The cornerstone of this work is wheels, and it seems almost a tautology; ever since they were invented in the very distant past, still lurking on the edge of prehistory, they in all their forms and uses have been central to our past and present civilisations.
From the war chariot wheels of the pharaohs to the potter’s wheel, from the full wheels of a farmer’s cart loaded with hay on the cobblestones of a medieval city to the mysterious wheels of the Antikythera mechanism, each wheel has been simultaneously part of reality, instrument and symbol: the wheel of fortune, rather than the cogwheel, the basis of time measurement and emblem of its inexorable passing. G.G.Belli wrote in one of his sonnets ‘La Morte sta anniscosta innell’orloggi (…)’ (Death is hidden in clocks).
But these are important, proud wheels, on which runs, it must be said, History with a capital letter, they are the mighty wheels of Francesco Guccini’s Locomotive.
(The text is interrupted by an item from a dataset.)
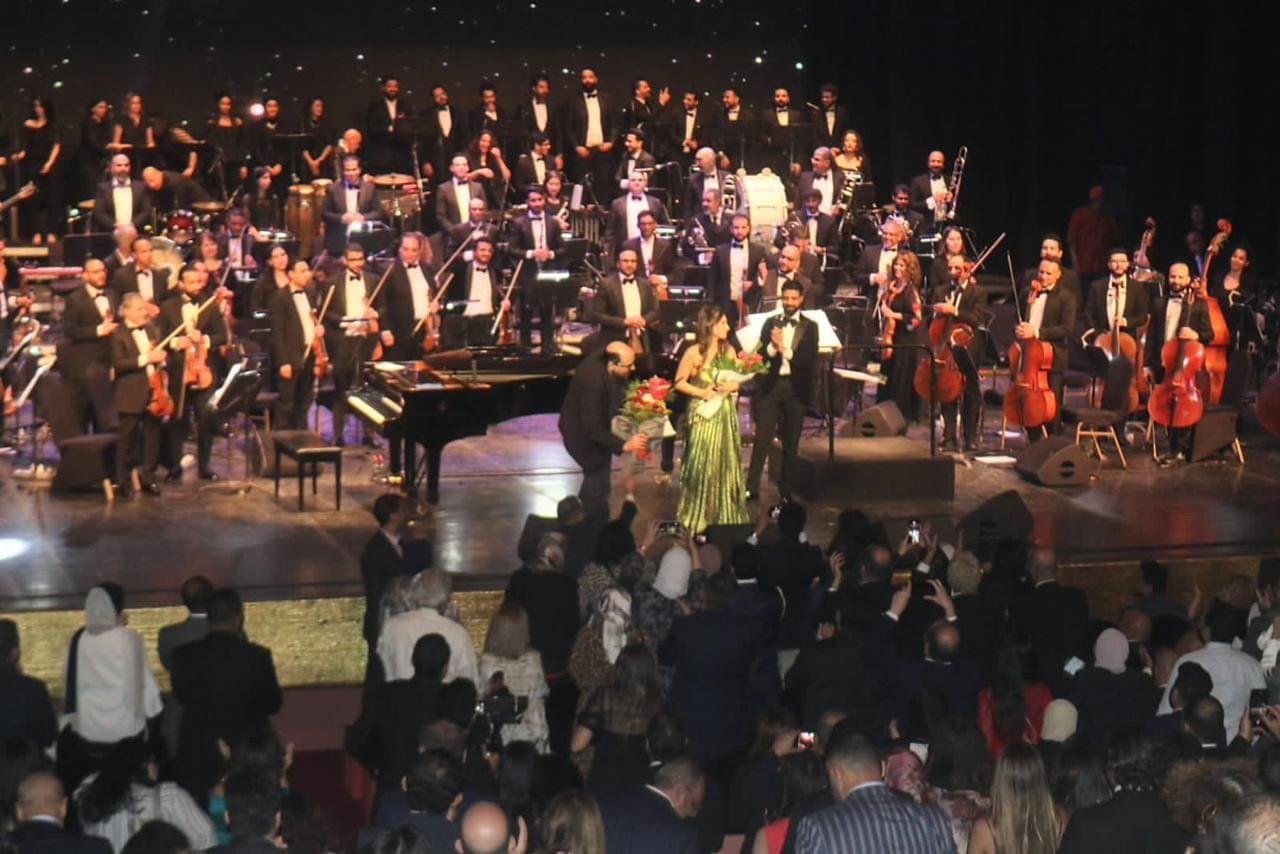 واستهل الحفل بعزف النشيد الوطني المصري على طريقة الموسيقار أسامة الرحباني، قبل أن تشرق شمس هبة طوجي على المسرح بدخولها بأغنية "طلعت يا محلا نورها".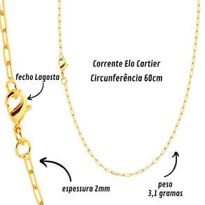 Especificações Tamanho De comprimento: 60cm Peso: 3,1 Fecho: Lagosta Espessura Do elo: 2mm Tipo do Elo: Cartie Banho de Camadas: 10 banho de camadas Verniz: Potencializado

On the other hand, a supermarket shopping trolley also travels on wheels, albeit small and humble, or a bicycle (on which, moreover, much has been painted, photographed and written), or a wheelbarrow, but they are prosaic wheels, without any Pindaric flights, which at most can express the subtle melancholy of abandonment when they are out of their context, or a certain sense of the absurd when they express the paradox of objects made for movement immobilised by some strange game of fate.
Small insignificant things, close relatives of non-places, which have always exerted a certain fascination on me and my way of photographing precisely because of their insignificance, which makes us ask why photograph them, and which can express better than more characterised objects the synthesis between what the photographer sees and what is in his mind.
Grazie Norm! Mi fa molto piacere il tuo apprezzamento
Great work. I especially like #8 – man sitting on step next to bicycle.